Christian M. Halliburton(fn*)

After decades if not centuries of relative stability, the operation and Office of the United States Attorney was thrown into deep political turmoil in 2006. What had long been considered a position defined by its independence, integrity, and commitment to principles of law, was suddenly being subject to largely covert partisan pressures and increasingly aggressive centralized management by the Department of Justice. The American public, and many of the U.S. Attorneys themselves, remained largely unaware of these backstage manipulations until the press announced the mass exodus of nine highly esteemed U.S. Attorneys from around the country, each of whom may have lost their job because of the perceived threat they individually and collectively posed to the Bush Administration's political hegemony and socio-legal agenda.

The termination of these high-performing U.S. Attorneys, together with a number of forced resignations occurring during the same period of time, has provoked substantial criticism and close scrutiny of the people who brought about these terminations and of the reasons for their actions. Indeed, given the constitutional, statutory, and historical basis of the Office of the United States Attorney, both the policies and practices of the current White House administration and the Department of Justice have been called into serious question, and answers have not been readily forthcoming.

This shameful spectacle (which former Attorney General Alberto Gonzalez flippantly referred to as nothing more than "an overblown personnel matter"(fn1)) played itself out in the national news, and was characterized by ineffectual congressional inquiries, less-than-credible finger-pointing by current and former Administration officials, and the most remarkable loss of communal short term memory since the Iran-Contra debacle. Yet this is not simply an instance of the government circus run amok; it also represents a tremendous challenge to the pursuit of social justice. By ignoring the founding principles of political equality and faithful service of the rule of law, many actors in this political drama have willingly compromised the system of rules and procedures originally adopted to protect against the arbitrary abuse of government power.

The delicate balance anticipated by that system is reflected in the constitutional and statutory framework organizing the Office of the United States Attorney.
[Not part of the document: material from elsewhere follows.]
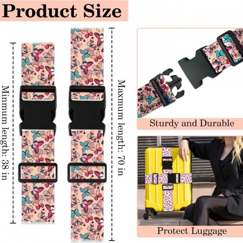 Butterfly Luggage Straps for Suitcases TSA Approved, Luggage Identifiers for Suitcase, Adjustable Suitcase Strap for Baggage Security with Cute Patten, Travel Necessary Accessories (2Pack)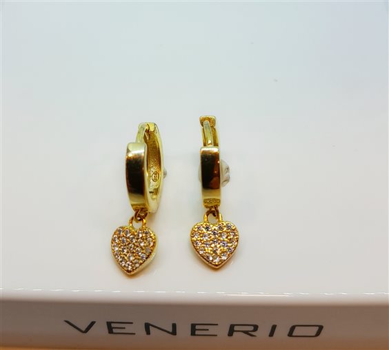 Orecchino cerchio chiusura scattino, argento 925 in bagno oro giallo con pendente cuoricino con zirconi

Most saliently, the Constitution provides that "[The President] shall nominate, and by and with the Advice and Consent of the Senate, shall appoint Ambassadors, other public Ministers and Consuls, Judges of the Supreme Court, and all other Officers of the United States, whose appointments ... shall be established by law."(fn2) While the United States Attorney is one of those officers "whose appointments shall be established by law,"(fn3) it is also the case that the Office is essential to the Executive's obligation to "take Care that the Laws be faithfully executed."(fn4) In general, presidential power to appoint ambassadors and officers of the United States, including U.S. Attorneys, is nearly plenary (assuming that the advice and consent of the Senate is obtained), and is construed as being essential to the discharge of the Executive office. Although it is nowhere mentioned in the Constitution itself, the President's power of removal is inferred from the existence of the...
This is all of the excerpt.